There is a puzzle in Bangladesh’s export performance in comparison to neighbours like Sri Lanka and Pakistan. In many of the social and institutional indicators that are usually identified with good governance, Bangladesh actually lags far behind Sri Lanka and somewhat behind Pakistan also. Corruption is generally the popular bugaboo for most problems of our societies. In the famous Transparency International’s CPI index for the period 2007 to 2019, average rank of Bangladesh was 143rd among countries of the world, Pakistan 128th, Sri Lanka 90th. In World Bank’s Ease of Doing Business Index for 2020, Bangladesh ranks 168th while Sri Lanka ranked 99th and Pakistan 108th.
Bangladesh has far less in public spending in education and health as a percentage of GDP than Sri Lanka and even Pakistan. While Pakistan’s human capital is comparable to Bangladesh, Sri Lanka has historically been the star of South Asia in human capital, far ahead of neighbouring countries in mass educational level and quality.

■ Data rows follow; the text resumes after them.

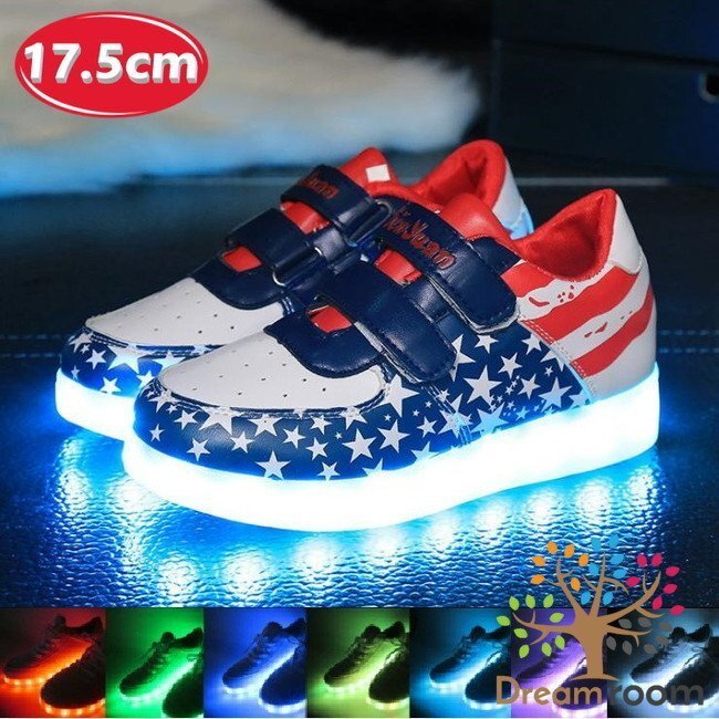 1スタ☆kids 7色に光る☆LED ライトアップ スニーカー 【アメリカン 17.5cm】 韓国子供服 キッズ シューズ 子供用 男女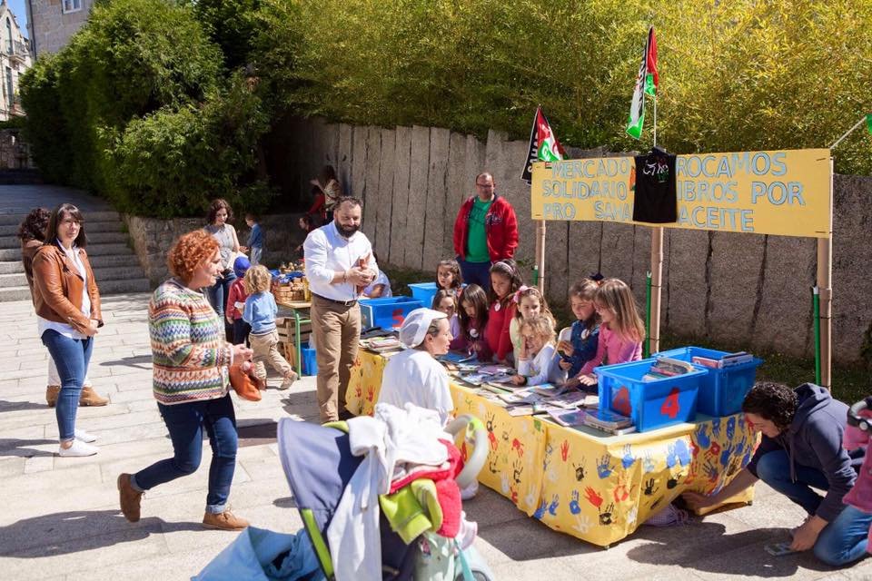 O CRA Antía Cal de Gondomar organizou este venres un Mercado Solidario no Parque da Coelleira contando coa colaboración do Concello e a ONG Solidariedade galega co pobo saharauí. A cambio dun litro de aceite de oliva, todos os que se achegaron a colaborar recibiron 3 contos infantís, entre eles o alcalde, Paco Ferreira, e a concelleira de Educación, Iria Lamas. Os pequenos e pequenas recadaron máis de 100 litros de aceite que irán destinados ao pobo saharauí.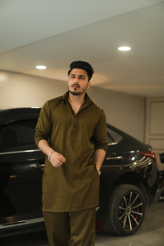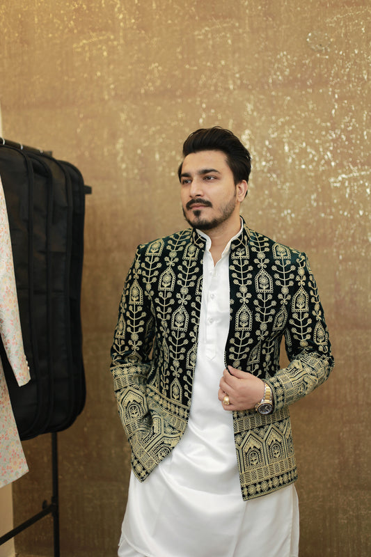 (Karam royal green velvet Jacket Kurta Pajama Set)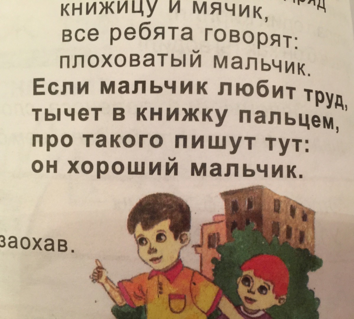 кнИжицу, И, мЯчик, всЕ, ребЯта,говорЯт,плоховАтый, мАльчик, Если, мАльчик, лЮбит, трУд, тЫчет, в кнИжку,пАльцем, прО, такОго, пИшут, тУт, Он, хорОший, мАльчик.

In terms of democratic governance also, Sri Lanka’s indicators are far ahead of Bangladesh and Pakistan leads us too. So, the question naturally arises, why is the Bangladesh economy growing robustly while Sri Lanka and Pakistan, despite better social and institutional indicators, are lagging?
For national exports, social-institutional indicators matter little unless they result in products and services than a country can produce competitively in the world market and there are demands for the said products and services. In the global economy, just like the personal economy of individuals, qualifications matter only to the extent they help in obtaining income from jobs or entrepreneurship.
An oft-misunderstood fundamental aspect of the global economy is that different products and services require different levels of qualifications and these required levels of matching products and institutions are lumpy, not continuous. Sometimes countries can become overqualified or mis-qualified for the ranges of products that are suitable for them.
If social and institutional capabilities of the countries outstrip their economic productivity, countries can find themselves stranded.
Despite a historical head start in cotton production and textile industry, Pakistan failed to break into the Garments export substantially because of endemic social and political reasons. Sri Lanka was a star in Garments export in the 1990s and 2000s despite the ongoing Civil War. But the 2010s found Sri Lanka becoming gradually uncompetitive as wage demand of a qualified labour force overtook the productivity of the industry. Sri Lanka failed to make the timely jump into another suitable level of matched products and capabilities.
Bangladesh has long occupied a sweet spot in garments competitiveness because of low wages and agglomeration of sourcing strategies. This has helped us weather global and domestic turmoil, institutional weaknesses. However, there are indications that wage level in the garments industry is becoming unmatched with the general state of society and economy. There are reports that young men and women are finding garments wages unattractive, and industries are struggling to find workers. Substantial increase in wage seems inevitable even in the short run. However, the wage increases must be matched by productivity enhancing investments in technology, working environment, and worker heath. I think Bangladesh’s economic conditions are good enough for entrepreneurs to make these longer-term investments without hurting competitiveness.